On the alleged taming of Luxon
I kind of have a feeling the sentiment regarding the apparent sinking of Luxon in an interview with Jack Tame today isn’t going to pan out the way people think.
Yes, yes, it is absolutely true and correct to say that Luxon has found himself caught in a heap of contradictions – between what he talks about and pretending to be a problem, with what he is actually prepared to do if he wins an election; between the things he said he intended to do, and how those actively fueled the issues he sought to pillory the government over… you get the idea.
Except here’s the thing.
Most people don’t have a coherent view of the universe — let alone something infinitely more intimate than the politics of a small island nation. Our worldviews are awash in a quagmire of mutually conflicting preferences and outrage-inducing red flag buttons.
Some people look at politicians and their presumptive views – maybe even read political manifestos (if anyone still does) or commentaries about them – before deciding who they want to vote for.
Others wonder if they feel they can “trust” someone with power – and that can, indeed, come down to whether they can put on a decent presentation on camera by responding to reasonably simple and straightforward questions. (Responding… does not necessarily mean responding Good or sincerelynecessarily – but that’s another matter)
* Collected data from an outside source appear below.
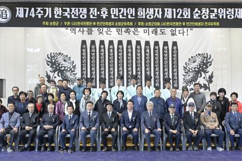 À̳¯ Çà»ç¿¡´Â ÃÖ¿µÀÏ ¼øÃ¢±º¼ö, ±èº¹¿µ Çѱ¹ÀüÀï ¹Î°£ÀÎÈñ»ýÀÚ Àü±¹À¯Á·È¸Àå, À¯º´È« ¼øÃ¢±ºÀ¯Á·È¸ÀåÀ» ºñ·ÔÇÑ À¯Á·È¸¿ø°ú º¸ÈÆ´Üü, Áö¿ªÁֹΠµî 100¿© ¸íÀÌ Âü¼®ÇØ Èñ»ýÀÚµéÀÇ ³ÌÀ» ±â·È´Ù.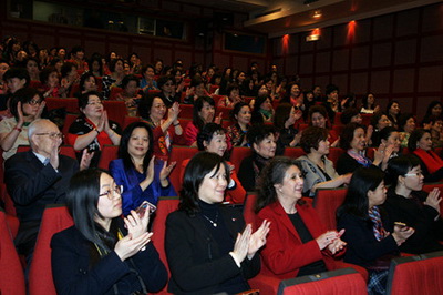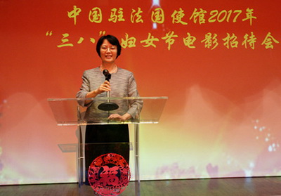 2017年3月4日,驻法国大使夫人王新霞举办“三八”国际劳动妇女节电影招待会,与旅法侨学界等妇女代表近200人共同庆祝“三八”妇女节。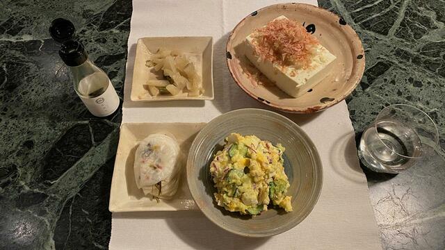 だだちゃ豆腐、ポテトサラダ(ポテト、ゆで卵、きゅうり、茹で豚、アーリーレッド)、しゃくし菜、千枚漬け。
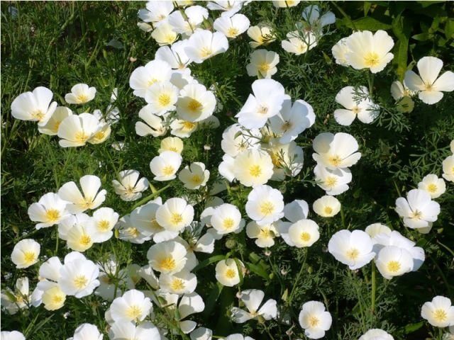 Семена эшшольции калифорнийской сорта Белый замок порадуют садоводов эффектным видом выращенного экземпляра. Компактный куст с серебристо-зелеными побегами и белыми чашевидными цветами отлично впишется в любую садовую композицию. Цветение продолжится с июня до октября.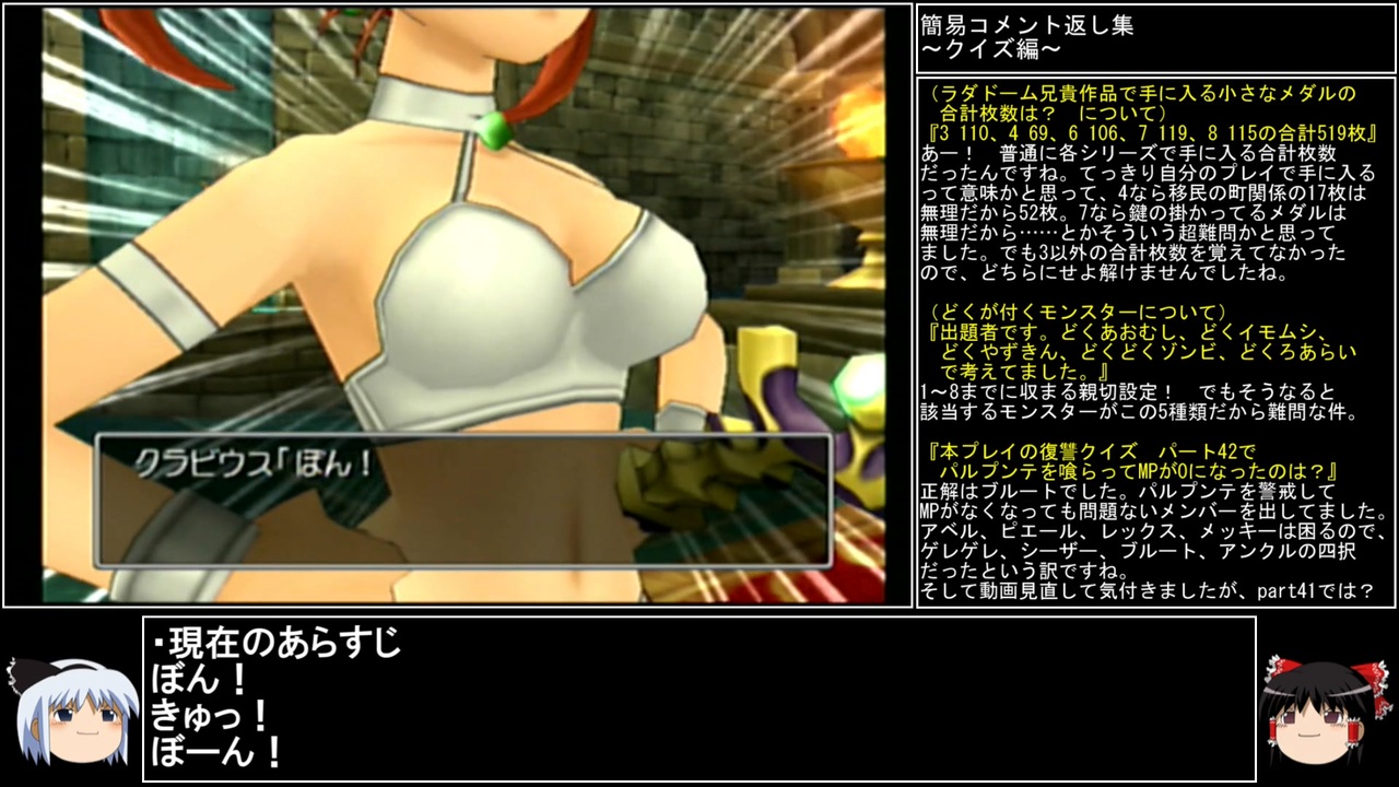 16時間をやり直して1/256を狙うか、このまま続けて1/512を狙うかだったら前者も考えたけど、おどかすの仕様に気付いたのが追加で〇〇時間掛かった第二次稼ぎ作業後だったんですよね……。<br><br>動画内で紹介している新たな追走者様(めいれいさせろは大事)<br>→<a href="https://www.youtube.com/channel/UCZEeM0KEbBKVKNmNzoAEuCQ" target="_blank" rel="noopener nofollow">https://www.youtube.com/channel/UCZEeM0KEbBKVKNmNzoAEuCQ</a><br><br>前→<a href="https://www.nicovideo.jp/watch/sm41206384" class="watch">sm41206384</a> 次→<a href="https://www.nicovideo.jp/watch/sm41244959" class="watch">sm41244959</a><br><br>YouTube版→<a href="https://youtu.be/eIreTHFNyg4" target="_blank" rel="noopener nofollow">https://youtu.be/eIreTHFNyg4</a><br><br><br>※動画の大きさが変わる方は、お手数ですが設定→画質を自動から〇pに変えると解決します。<br>※一部機種は互換機を使用してのプレイとなります。<br><br>縛りルール(不明点はシリーズのQ&Aを参照)<br>①使った武器・防具・装飾品・道具・呪文・特技・一部特殊施設(メダル王・カジノ・移民の町)・職業(3,6,7)・仲間モンスター(4,5,6,8+7の職業)は次以降のシリーズで使用禁止。<br>(NPCキャラが使用した装備や呪文を含む。売却及び錬金素材としても使用扱い)<br><br>②裏技・バグ技の禁止。<br><br>③逃走禁止&戦闘終了時は全員生存。<br><br>④レベルを上げ過ぎない。<br>ダンジョンやボスは公式ガイドブックに記載されたレベル+3まで。<br>ラスボスは全ての呪文を習得するレベル+3程度までに収める。<br><br>⑤裏ボスも規定回数、規定ターン以内に倒す。<br>(6の裏ダンジョン突入時のみ、条件を満たすため①の職業を解禁)<br><br>(おまけ)<br>宝は可能なものに限り全回収。<br>5と6は同一モンスターの仲間不可。<br>回避可能なボスも全て倒す。<br><br><br>この動画で利用している株式会社スクウェア・エニックスを代表とする共同著作者が権利を所有する著作物及びスギヤマ工房有限会社が権利を所有する楽曲の転載・配布は禁止いたします。<br>(C) ARMOR PROJECT/BIRD STUDIO/SQUARE ENIX All Rights Reserved.<br>(C) SUGIYAMA KOBO (P) SUGIYAMA KOBO<br><br>AquesTalk2ライセンスID:AQTK2WINUSR23122185<br /><br><br>❤いいねを押していただけるとモチベーションと投稿速度が上がるので宜しくお願い致します!<br><br>作者ツイッター→ <a href="https://twitter.com/nig0117" target="_blank" rel="noopener nofollow">https://twitter.com/nig0117</a><br>PIXIV FANBOX→ <a href="https://sutanokeiji.fanbox.cc/" target="_blank" rel="noopener nofollow">https://sutanokeiji.fanbox.cc/</a><br><br>( 以前はWEB小説書いてました→ <a href="https://kakuyomu.jp/works/1177354054884910267" target="_blank" rel="noopener nofollow">https://kakuyomu.jp/works/1177354054884910267</a> )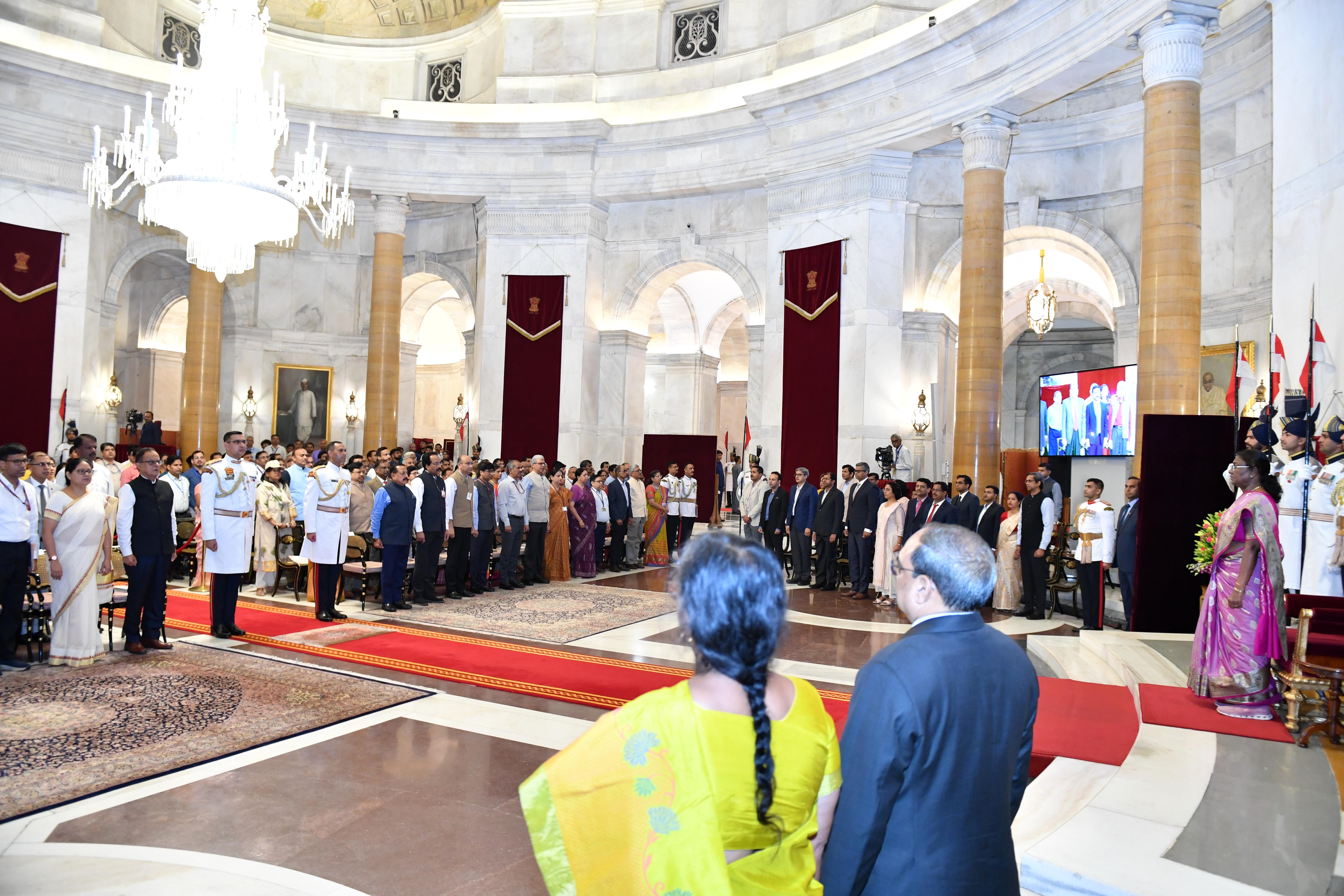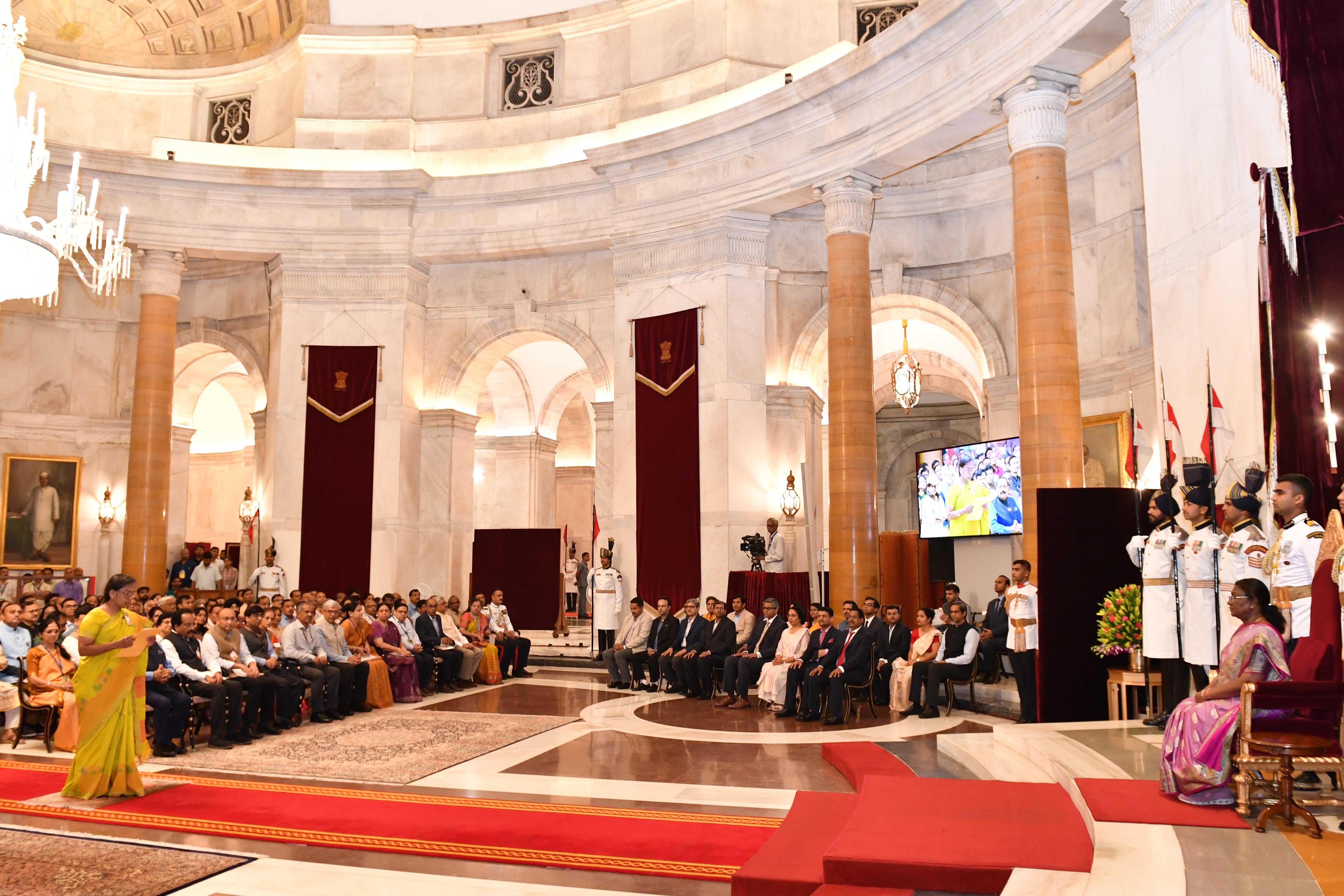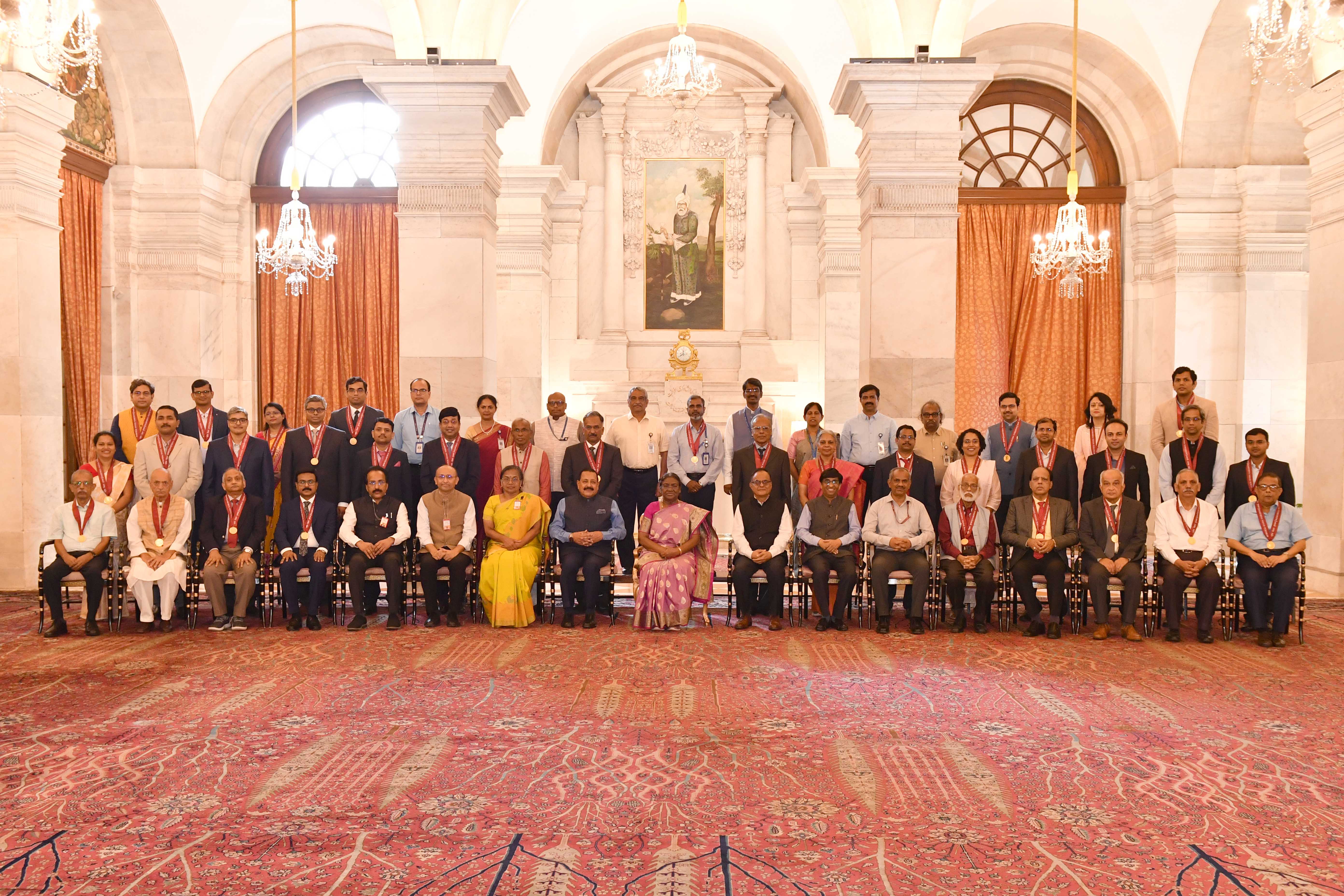 | Caption: | The President of India Smt. Droupadi Murmu presented the Rashtriya Vigyan Puraskar at Rashtrapati Bhavan on August 22, 2024. |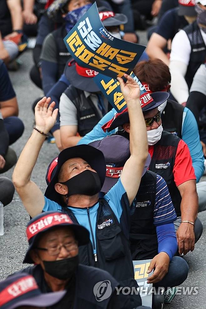 (서울=연합뉴스) 서대연 기자 = 18일 공공운수노조 조합원들이 서울 강남구 하이트진로 본사 앞에서 열린 화물연대 고공농성투쟁 승리 결의대회에서 농성자들을 보며 격려하고 있다. 2022.8.18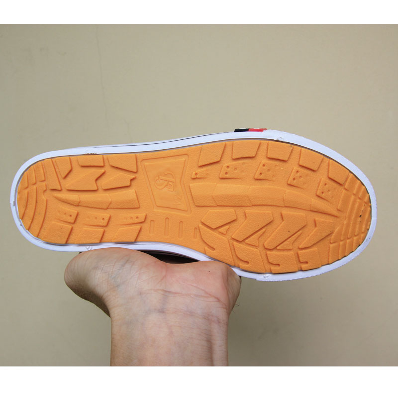 Bahan : sol karet kuning pvc, karet putih, textil, eva warna : hitam/putih Size : 34-43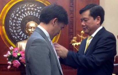 16日、ホーチミン市党委員会のディン・ラ・タン委員長は、JICA=日本国際協力機構ベトナム事務所の森睦也所長と会見を行い、ホーチミン市の記章を授与しました。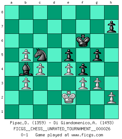 Last move : 0-1 2012 August 24 23:5:16 [Event "FICGS__CHESS__UNRATED_TOURNAMENT__000026"] [Site "FICGS"] [Date "2012.04.16"] [Round "1"] [White "Pipac,Darko"] [Black "Di Giandomenico,Alfonso"] [Result "0-1"] [WhiteElo "1359"] [BlackElo "1493"] 1.e4 c5 2.Nf3 e6 3.Nc3 Nc6 4.d4 cxd4 5.Nxd4 a6 6.a3 Qc7 7.Be2 d6 8.Bf4 Nxd4 9.Qxd4 e5 10.Nd5 Qb8 11.Bxe5 dxe5 12.Qb6 Bd6 13.O-O-O Be6 14.Nb4 Bc7 15.Bb5+ axb5 16.Qxb5+ Kf8 17.Nd5 Bxd5 18.Rxd5 Nf6 19.Qc5+ Kg8 20.Rd3 g6 21.Qe7 Kg7 22.f3 Re8 23.Qc5 b5 24.Rhd1 b4 25.axb4 Ra1+ 26.Kd2 Rxd1+ 27.Kxd1 Rd8 28.Rxd8 Qxd8+ 29.Ke2 Qd6 30.Qxd6 Bxd6 31.c3 Nd7 32.Kd3 f5 33.b3 Kf6 34.b5 f4 35.c4 Bb4 36.g3 g5 37.Ke2 Nc5 0-1 Sicilian defense Queenside Castling by player White (move 13) Player Black won this chess game. Follow this game move after move (download)Methodical thinking is of more use in Chess than inspiration. (C. J. S. Purdy) Ein Schachspiel besteht aus drei Phasen: Die erste, wenn du hofftst den Vorteil zu haben, die zweite, wenn du glaubst einen Vorteil zu haben, und die dritte.... wenn du weißt Du wirst verlieren. (Savielly Grigorievitsch Tartakower) Muchos se han convertido en Maestros de Ajedrez, nadie se ha convertido en el Maestro del Ajedrez. (Siegbert Tarrasch) Je fais ceci parce que dans cinquante coups j'obtiendrai cela; je m'appelle Mikhail Moisevitch Botvinnik. (Botvinnik) Whoever said the pen is mightier than the sword obviously never encountered automatic weapons. (US General Douglas MacArthur)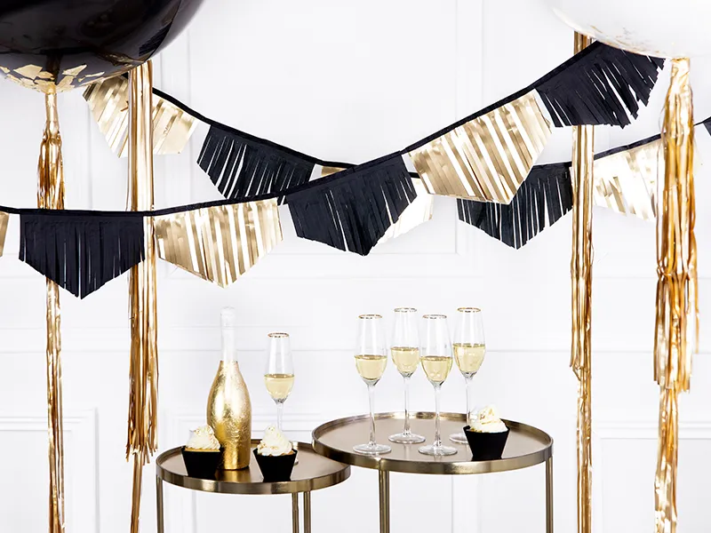 - Sylwester i karnawał: Girlanda frędzle z czarnej bibuły i złotej folii doskonale nadaje się do dekoracji przestrzeni na Sylwestra i karnawał, nadając imprezie elegancki, a zarazem radosny klimat.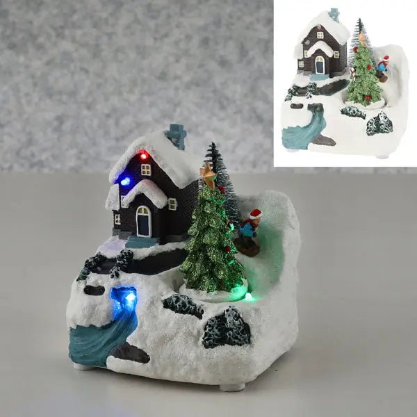 LED-lit Christmas tree in winter landscape, festive miniature, 12x14cm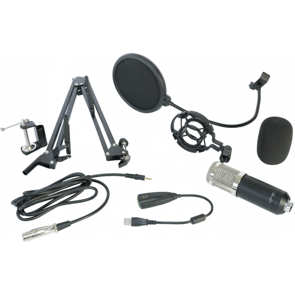 - Cool microphone package with everything you need to get started recording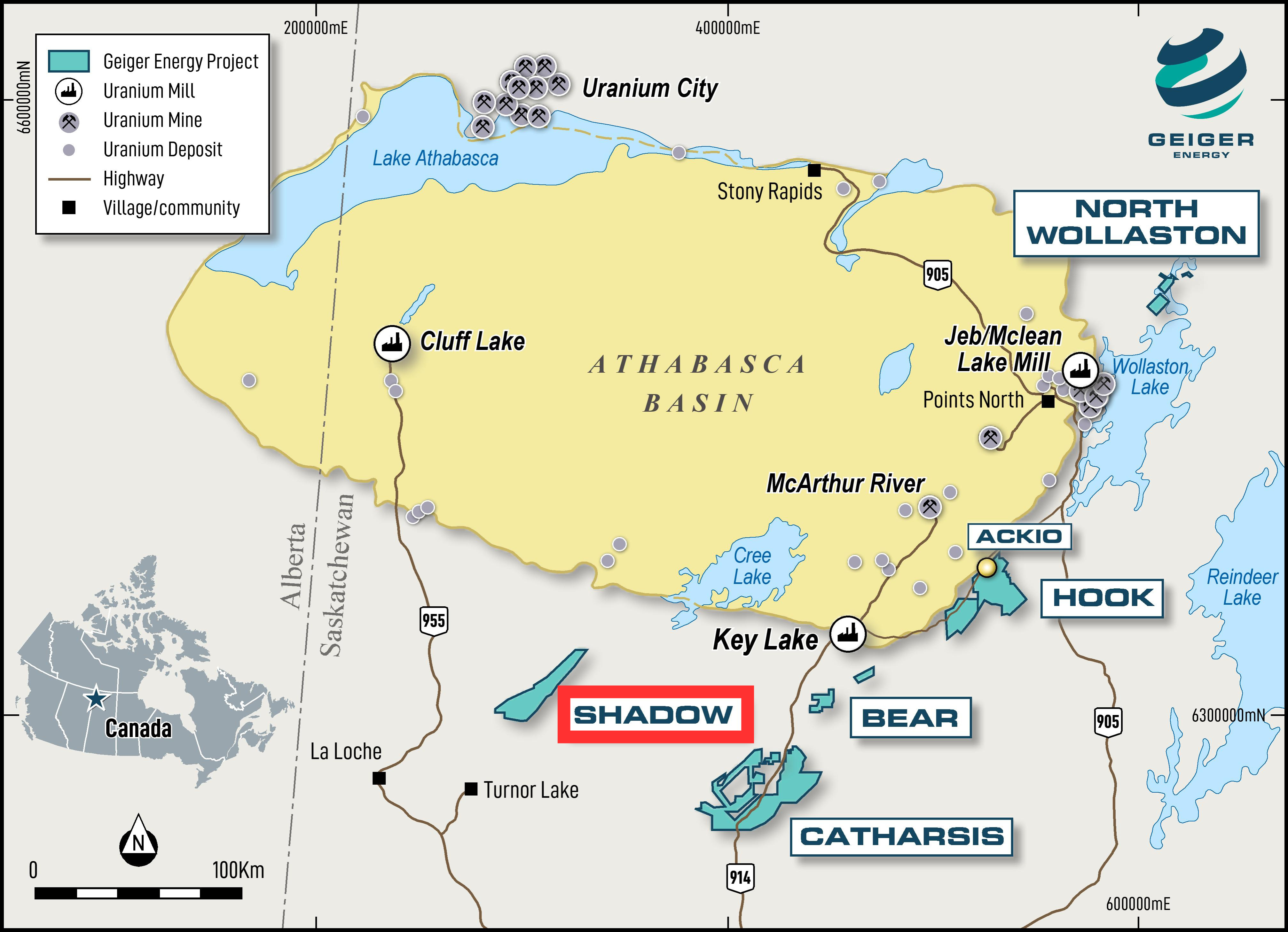 Shadow is located on one of the largest structural trends observed in Northern Saskatchewan, the Virgin River Shear Zone, which hosts other uranium deposits, most notably Cameco’s Centennial uranium deposit. The property encompasses ~30,000 hectares along the Virgin River Shear Zone 30 km south of the Athabasca Basin margin.

However, for a sizable quotient of our body politic (as in many other modern western democracies) what they seek is mere resonance with things they already believe or can reasonably push or persuade to believe.
And, as we have observed, this DOES NOT REQUIRE that an internally consistent worldview be adopted by the politician courting them. Rather the opposite.
It just requires being able to issue a veritable checklist of talking points or hot spots – and then letting the natural artifice of human cognitive filtering do the rest.
People don’t hear contradictions anymore, if contradictions are things they already unconsciously forget about themselves when it comes to their own personal preferential perspectives.
Plus, to add to all of this, it’s long been known that New Zealanders tend to like an underdog and will go along with someone who is seen as ‘unsuccessful’.
I have repeatedly observed that in 2014, for example, the year of the Dirty Politics revelations… National’s vote actually went at the topprecisely because we automatically downplayed the impropriety in question – at least in part because the media was perceived to be making a big deal out of it.
It turned out that John Key was being hounded by the press and beaten – so people didn’t know why (and why) he was being hounded and saw him as a more sympathetic figure.
Helluva thing, really, to have a six-year-old multi-millionaire incumbent prime minister going up against a Labor party about to deliver its worst result since 1922… and somehow said the prime minister is appeared to be the “underdog” or “marginalised”, but that is how it can so easily appear from the outside.
Tame’s interview was interesting and entertaining; but a lot of people out there will, if anything, double in their emerging support for Luxon.
Not because everything Luxon said or did in that performance was “smart” or visionary.
But rather precisely because we’ve all had the situation of a young man walking in and asking us “twisted” questions. [which may, or may not, actually have been ‘twisty’ rather than reasonably direct and straightforward as various of Tame’s were] and feeling unfairly strained as a fairly direct result.
Exposing that Luxon is in fact not (yet) the man capable of dethroning Ardern does not entice his followers to abandon ship.
Because they have already started to ‘buy’. So pointing out that the future Emperor is, it seems, somewhat devoid of clothes…just makes them much more determined to dig in and declare that they definitely support a winner here and regardless of any purported “evidence” to the contrary.
One of the (many) things that George W. Bush proved is that you can, indeed, “miss” your way to victory.